## WHAT TO WORK ON
The copy should hold exactly the lines below from the one that contains "Nằm trong khuôn" through the one that contains "Серьги-гвоздики женские с" and nothing else, so no pictures.

## RECORD EXCERPTS
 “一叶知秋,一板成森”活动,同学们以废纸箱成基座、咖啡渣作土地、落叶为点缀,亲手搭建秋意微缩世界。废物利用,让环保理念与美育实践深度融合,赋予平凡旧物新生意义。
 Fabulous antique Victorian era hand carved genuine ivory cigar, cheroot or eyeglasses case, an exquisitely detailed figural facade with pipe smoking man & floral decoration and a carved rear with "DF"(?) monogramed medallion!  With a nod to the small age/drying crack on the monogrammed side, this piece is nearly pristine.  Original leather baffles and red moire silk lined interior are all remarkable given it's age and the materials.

==

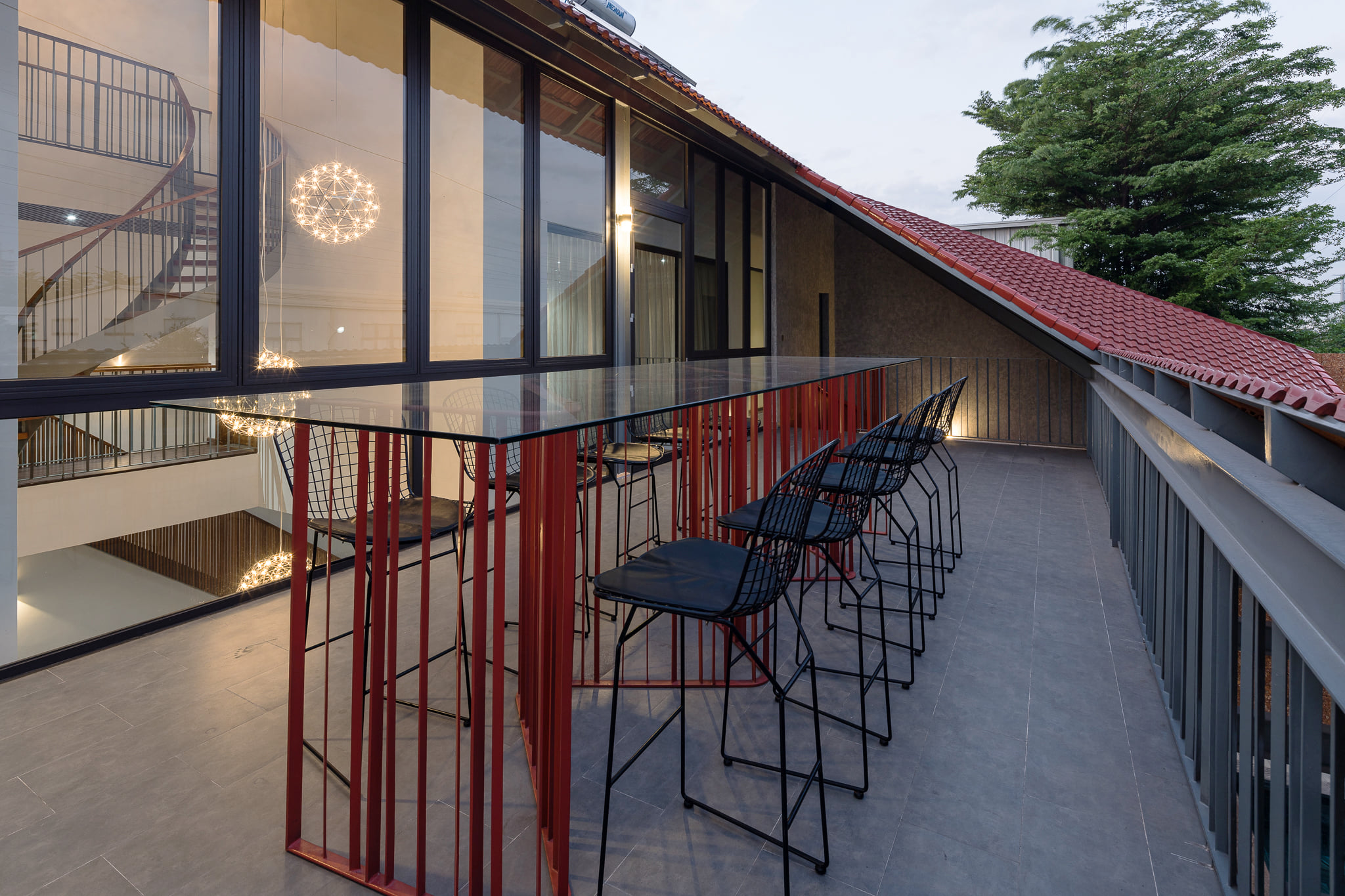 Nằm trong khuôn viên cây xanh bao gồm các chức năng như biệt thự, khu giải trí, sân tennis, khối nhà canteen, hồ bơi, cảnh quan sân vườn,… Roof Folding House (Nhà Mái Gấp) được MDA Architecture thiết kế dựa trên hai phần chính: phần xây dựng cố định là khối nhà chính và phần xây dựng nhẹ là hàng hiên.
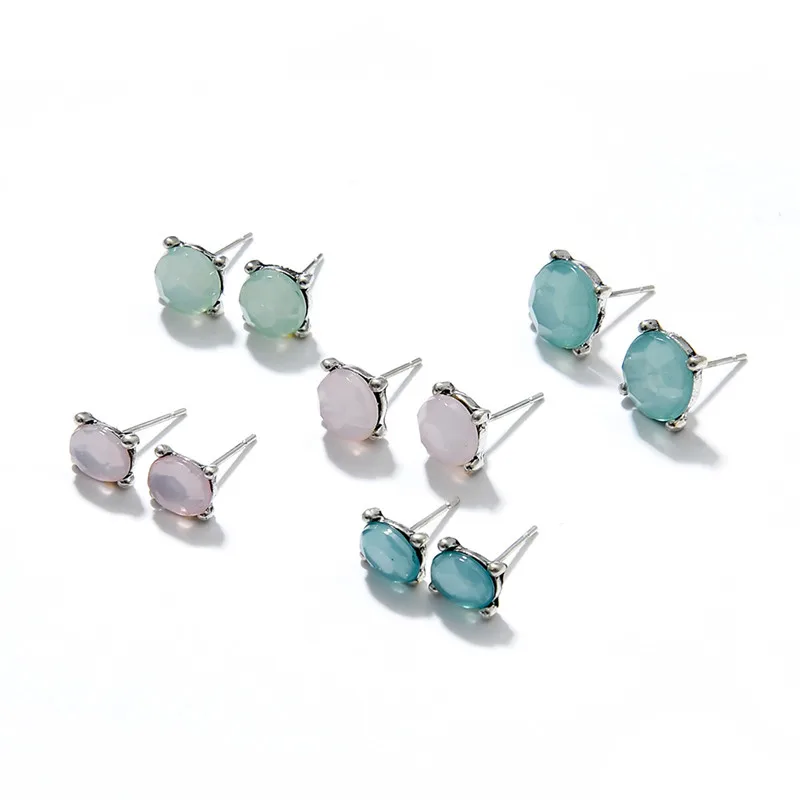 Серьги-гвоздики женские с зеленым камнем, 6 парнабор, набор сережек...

---

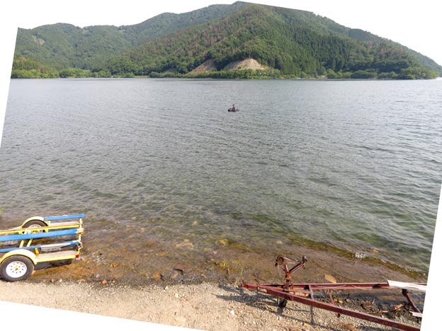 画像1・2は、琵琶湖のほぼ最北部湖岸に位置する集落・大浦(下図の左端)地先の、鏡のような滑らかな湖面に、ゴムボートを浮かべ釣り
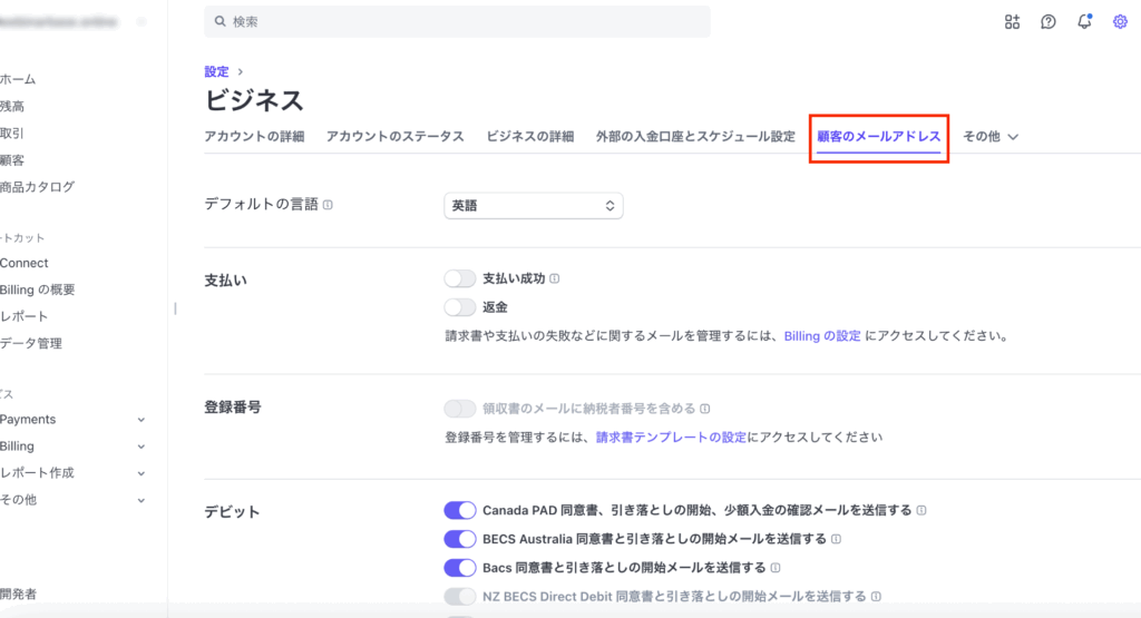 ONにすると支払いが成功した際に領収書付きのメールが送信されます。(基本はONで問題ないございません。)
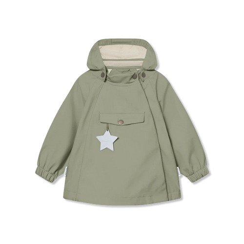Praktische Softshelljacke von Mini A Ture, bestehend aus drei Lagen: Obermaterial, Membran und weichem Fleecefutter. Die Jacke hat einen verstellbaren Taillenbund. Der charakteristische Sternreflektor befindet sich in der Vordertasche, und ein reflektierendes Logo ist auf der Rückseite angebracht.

## EXERCISE SOLUTION
 Nằm trong khuôn viên cây xanh bao gồm các chức năng như biệt thự, khu giải trí, sân tennis, khối nhà canteen, hồ bơi, cảnh quan sân vườn,… Roof Folding House (Nhà Mái Gấp) được MDA Architecture thiết kế dựa trên hai phần chính: phần xây dựng cố định là khối nhà chính và phần xây dựng nhẹ là hàng hiên.
 Серьги-гвоздики женские с зеленым камнем, 6 парнабор, набор сережек...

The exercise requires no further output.